Пора, однако, перейти к делу.
«Принцесса не видит надобности представлять меня царю — я слишком мелкая фигура для него, а мой друг Трезини удостоился, и ему, по-видимому, улыбается удача. Теперь решено твёрдо — его назначат в Петербург. Царь долго беседовал с ним — насколько я могу судить — об укреплении невской дельты. О подробностях архитектор не распространяется и я не спрашиваю. Карьеру его можно считать упроченной, и я рад за него. Что до меня...»

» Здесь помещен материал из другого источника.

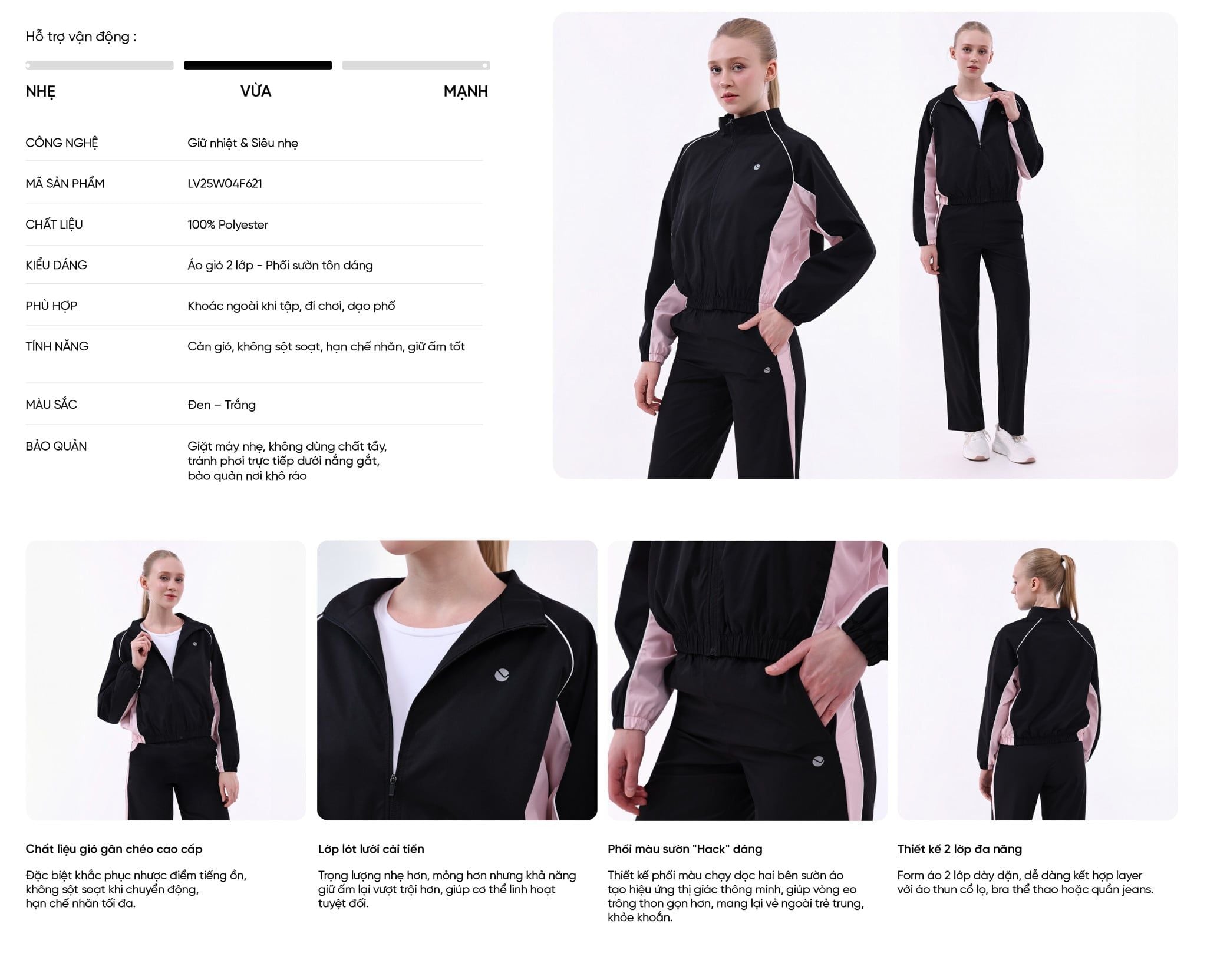Áo gió nữ LV25W04F621 là lựa chọn hoàn hảo cho cô nàng yêu phong cách thể thao nhưng vẫn muốn vẻ ngoài thon gọn, trẻ trung. Thiết kế phối màu chạy dọc hai bên sườn áo tạo hiệu ứng thị giác thông minh, giúp tôn dáng và đánh lừa thị giác vòng eo thon gọn hơn. Form áo 2 lớp dày dặn nhưng vẫn giữ phom tốt, dễ kết hợp cùng áo bra, quần legging hay quần jogger để tạo nên phong cách năng động nhưng vẫn tinh tế trong từng hoàn cảnh.

Переезжать в Петербург, в проклятую глушь, ютиться в шалаше? Бр-р! Слава богу, пет никакой крайности!
«...то, поверьте, лишения не охлаждают моё любопытство к смелым порывам царя. Но зимовать в Петербурге бессмысленно. Начальствующие лица убираются оттуда, работ сколько-нибудь серьёзных до весны, естественно, не будет. Передайте издателю: моя книга о Московии составляется не так быстро, как мне бы хотелось — виноваты адские расстояния и климат».
Всё же издателю — то есть тому же дядюшке — надо подбросить известие посущественней.
«Крепость в Петербурге пока земляная, она заполняет весь остров, имеет шесть бастионов, 300 орудий. Высадка на остров исключена. Каменное покрытие русские класть не спешат, но подвозят вооружение и заменяют часть 12-фунтовых пушек более тяжёлыми».
Для Стокгольма, верно, уже не новость... У Крониорта есть свои шпионы. Кавалер встретил офицера-саксонца, склонного к водке и за столом болтливого.
Пожалуй, жидковато... Племянник охотится за важными сведениями как гончая, высунув язык, — так надлежит думать дядюшке.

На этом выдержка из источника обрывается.